Content starts

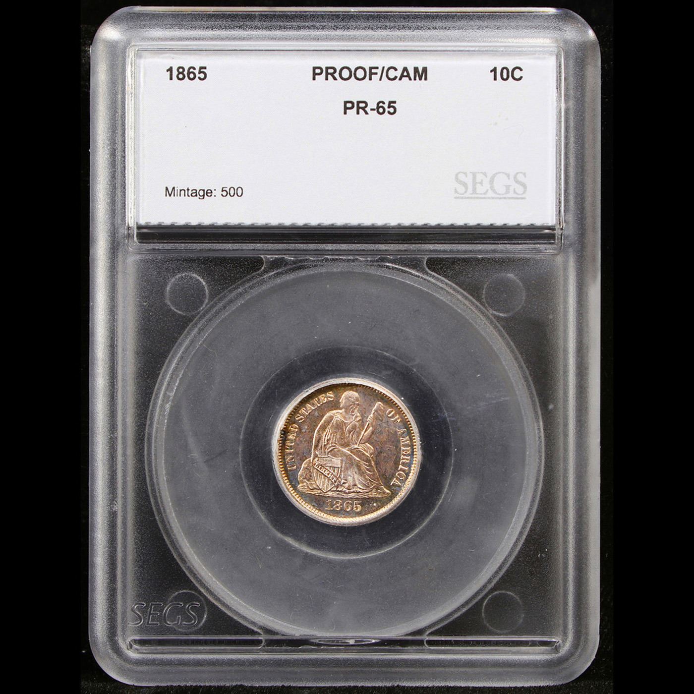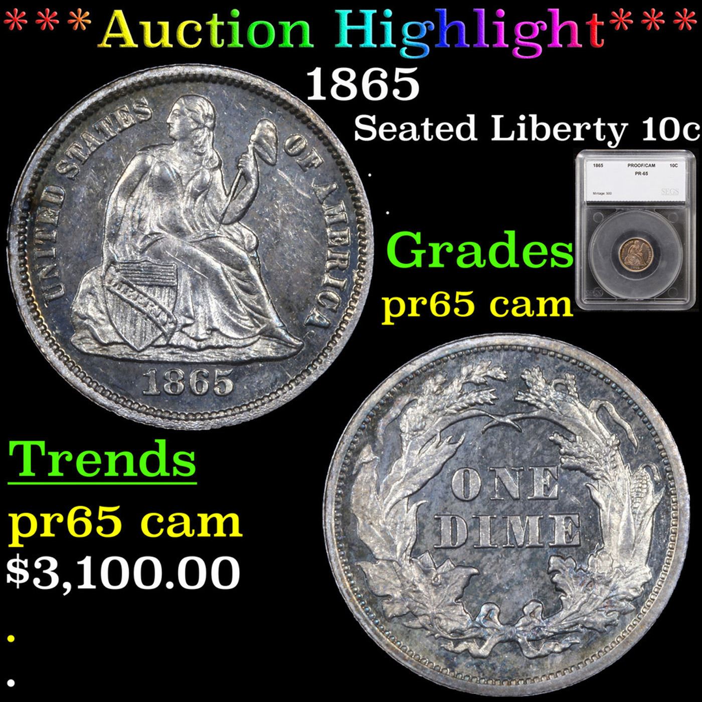 ***Auction Highlight*** 1865 Seated Liberty Dime 10c Graded pr65 cam By SEGS.
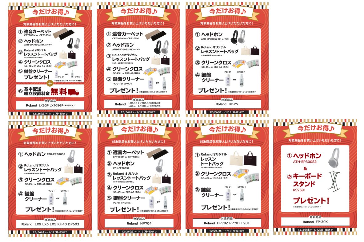 期間中ローランド電子ピアノご成約の方に素敵なプレゼントをご用意いたしております。
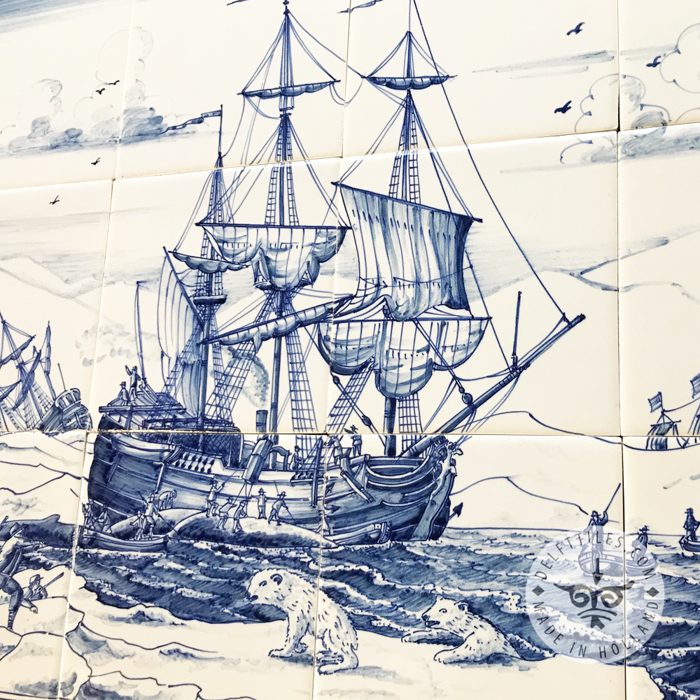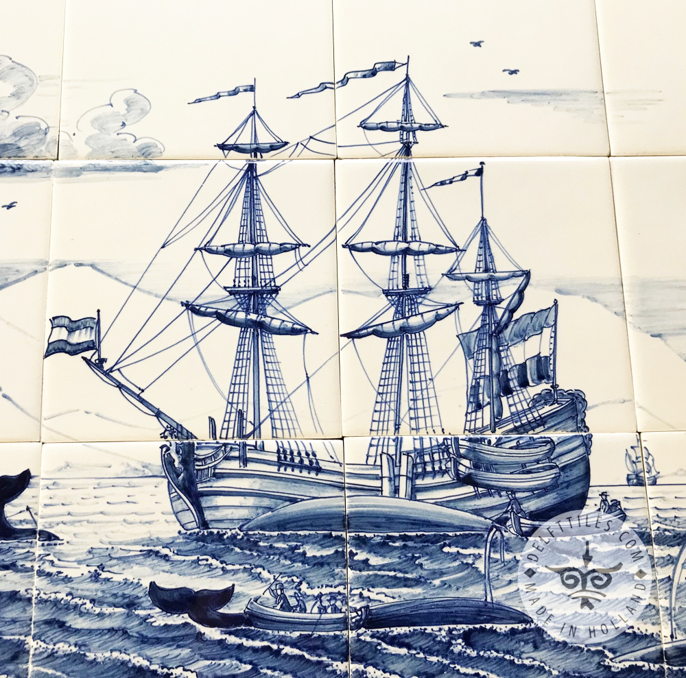 Whale Hunt tile Mural 10×3 tiles (S30)
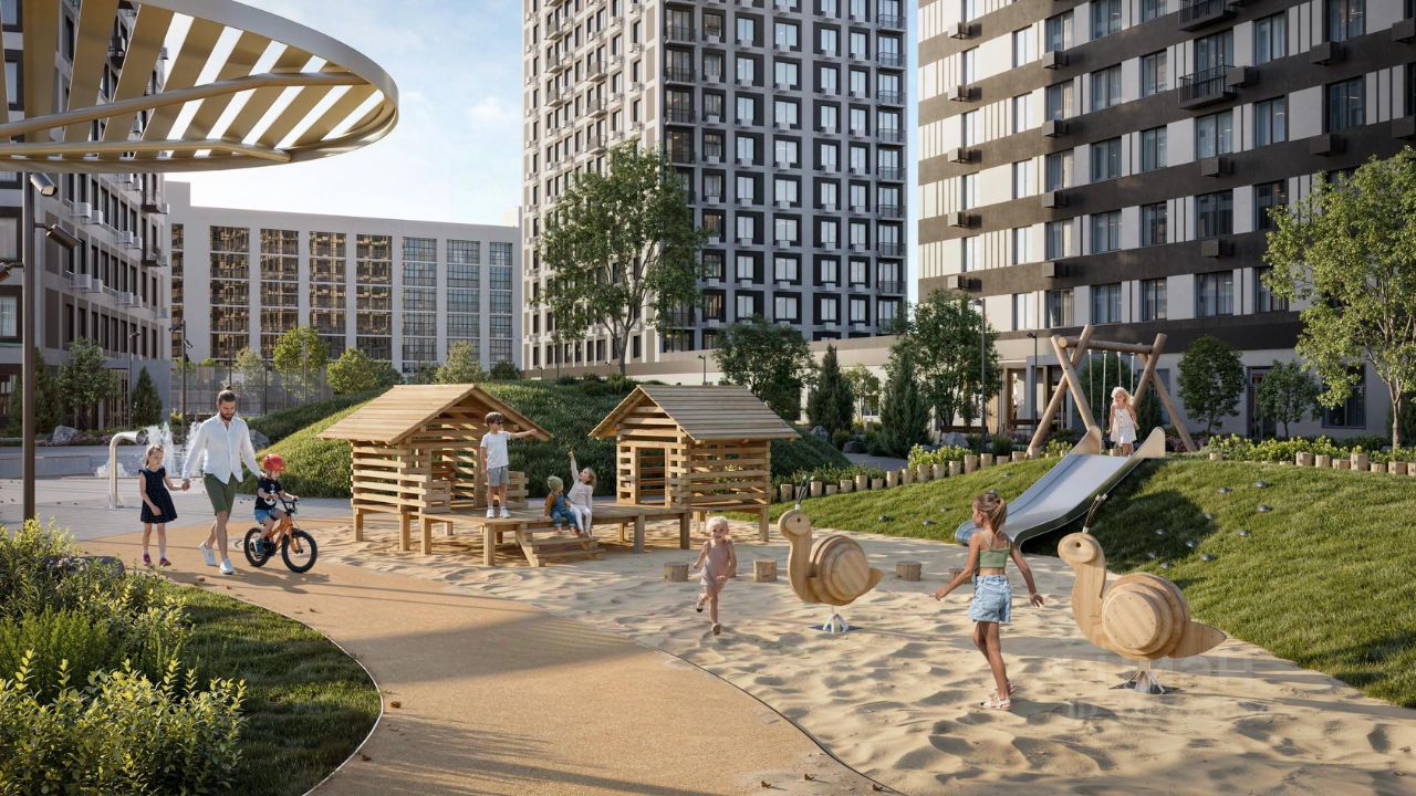 Благоустроенные дворы. Наполнение двора детально продумано, с учетом потребностей каждого жителя. Детские площадки для разных возрастов, зоны отдыха, зеленые аллеи и пешеходные дорожки. В центре двора предусмотрен амфитеатр для общих встреч жителей и больших мероприятий. Собственная сервисная компания 24/7 поддерживает чистоту территории жилого квартала.

Content ends

→ What the exercise asks:
The required response consists solely of the lines from the line containing "期間中ローランド電子ピアノご" through the end of the listing, both ends included, copied exactly without pictures.

→ Result of the exercise:
 期間中ローランド電子ピアノご成約の方に素敵なプレゼントをご用意いたしております。
 Whale Hunt tile Mural 10×3 tiles (S30)
 Благоустроенные дворы. Наполнение двора детально продумано, с учетом потребностей каждого жителя. Детские площадки для разных возрастов, зоны отдыха, зеленые аллеи и пешеходные дорожки. В центре двора предусмотрен амфитеатр для общих встреч жителей и больших мероприятий. Собственная сервисная компания 24/7 поддерживает чистоту территории жилого квартала.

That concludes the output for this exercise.